Anyhoo, the last time that Housing Starts were at that high a number (1.34 million units and higher) was back in August so it is likely that the housing recession may linger a while longer. It is also the dead of winter so construction activity will not pick up for another couple months. It would be bad if there was a solid deterioration with Housing Starts down to 1.2 million units, or 1.1 million or a million, since that would forecast bad times ahead with a worsening housing recession and likely overall US recession at the doorstep.

How could the United States not be in an overall recession when there is an ongoing housing recession for over 3 years, a labor recession for over 2 years, and a manufacturing recession/slump ongoing for 3 years? What special times. In past decades, that trio of pain would guarantee an overall US economic recession and yet it remains missing (with Godot) and nowhere in sight.

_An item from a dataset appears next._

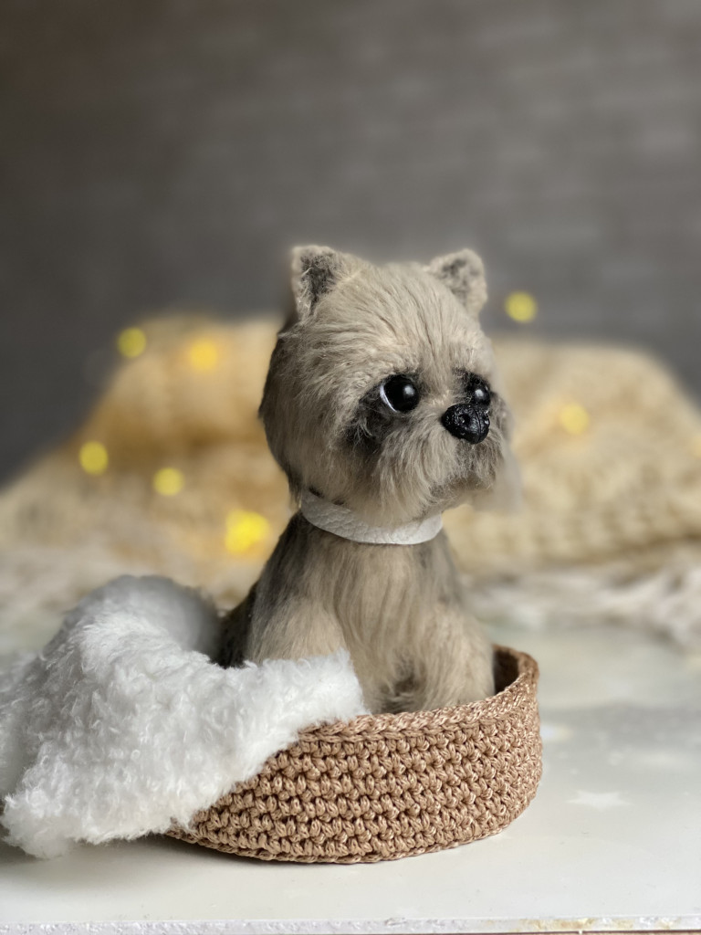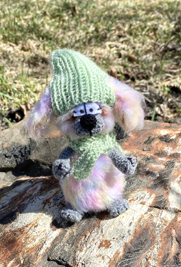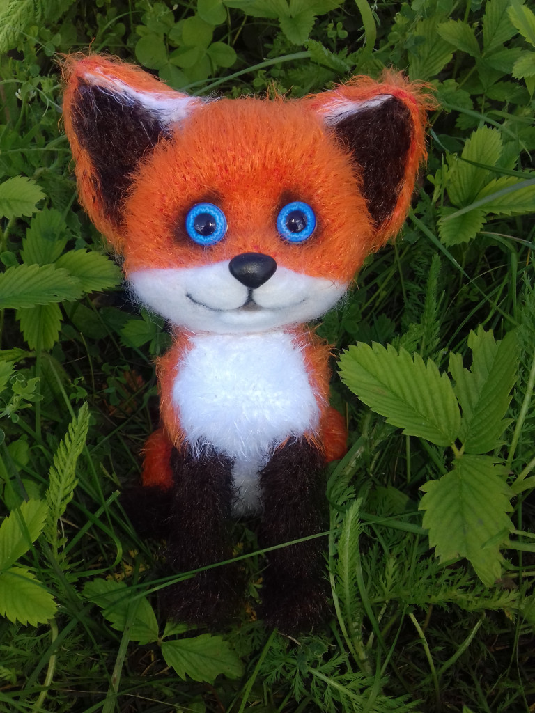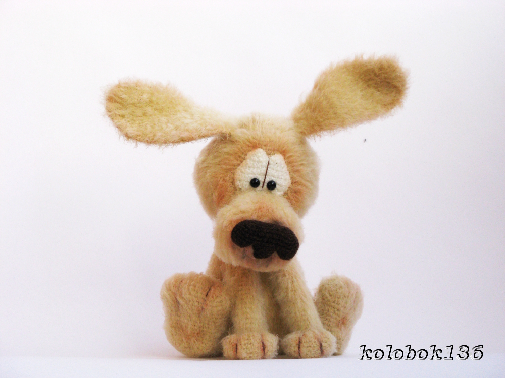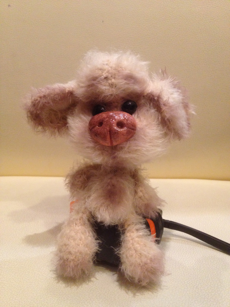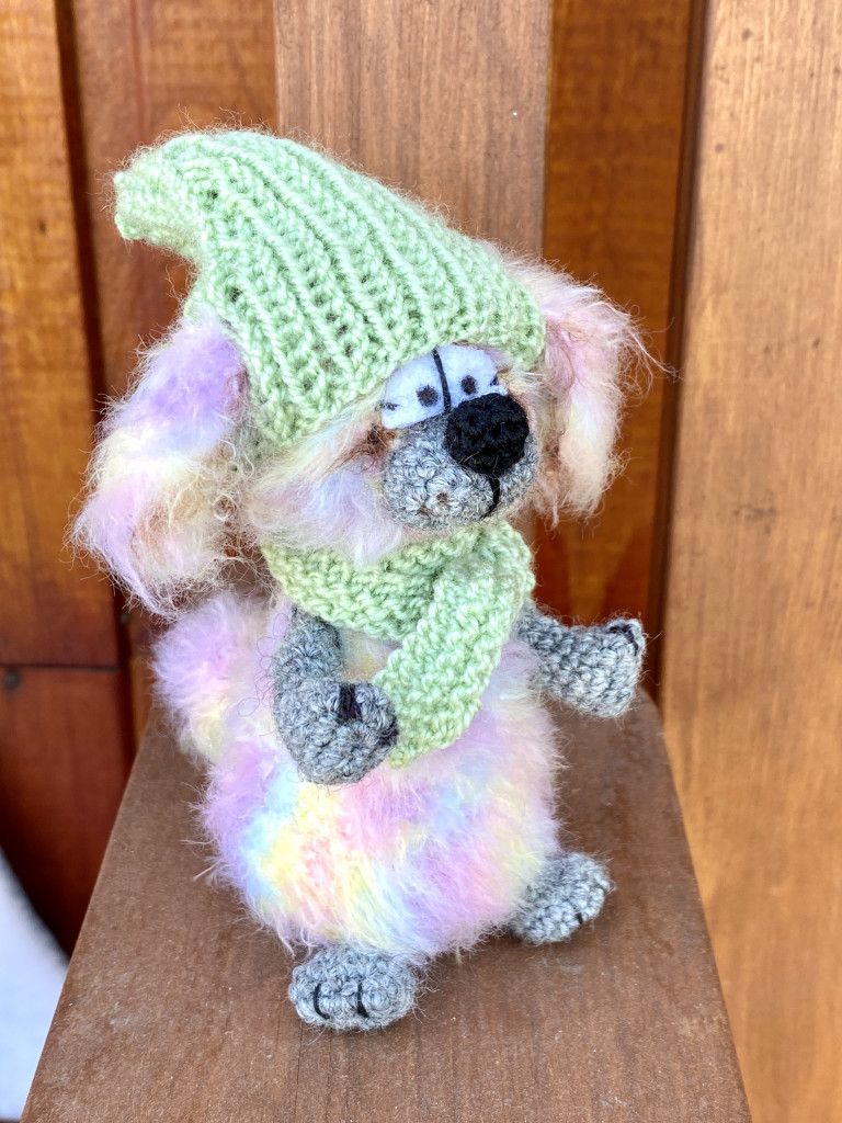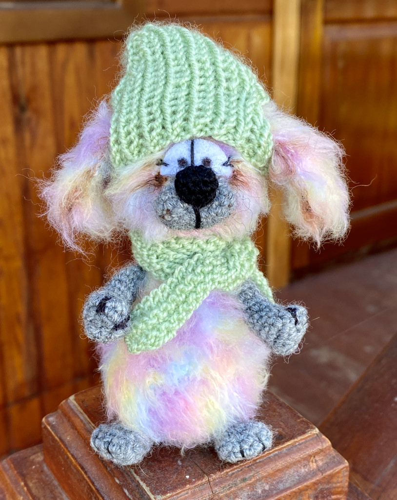 Малыш ростом 24 см, в длину 17 см (без учета хвоста). Связан из фактурной пряжи. Внутри - проволочный каркас. Глазки - стекло, носик из запекаемой пластики, водоустойчивая тонировка.
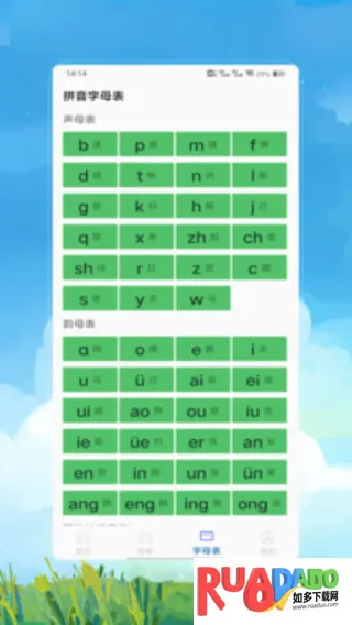 2、软件有详细的拼音字母表,小朋友点开字母能听发音,还能看到对应范例词,帮助理解和加深记忆。

The Godot Recession has not yet arrived despite the weakness in housing, manufacturing and labor. The Federal Reserve provided monetary stimulus and the Congress provided fiscal stimulus during the COVID-19 pandemic that created the 3-year housing recovery. The sales agreements were being signed faster than divorce papers. It was one big party. The banksters were partying giving away loans for houses like candy.

The party ends on 12/20/22 as the housing recession begins. Time will tell if Godot arrives bringing the overall US recession. If consumer spending continues slipping away (after the holiday goose), you will say hello to the Godot Recession and the ongoing housing, labor and manufacturing recessions will say they told you so (for years). It is definitely a different animal this time around.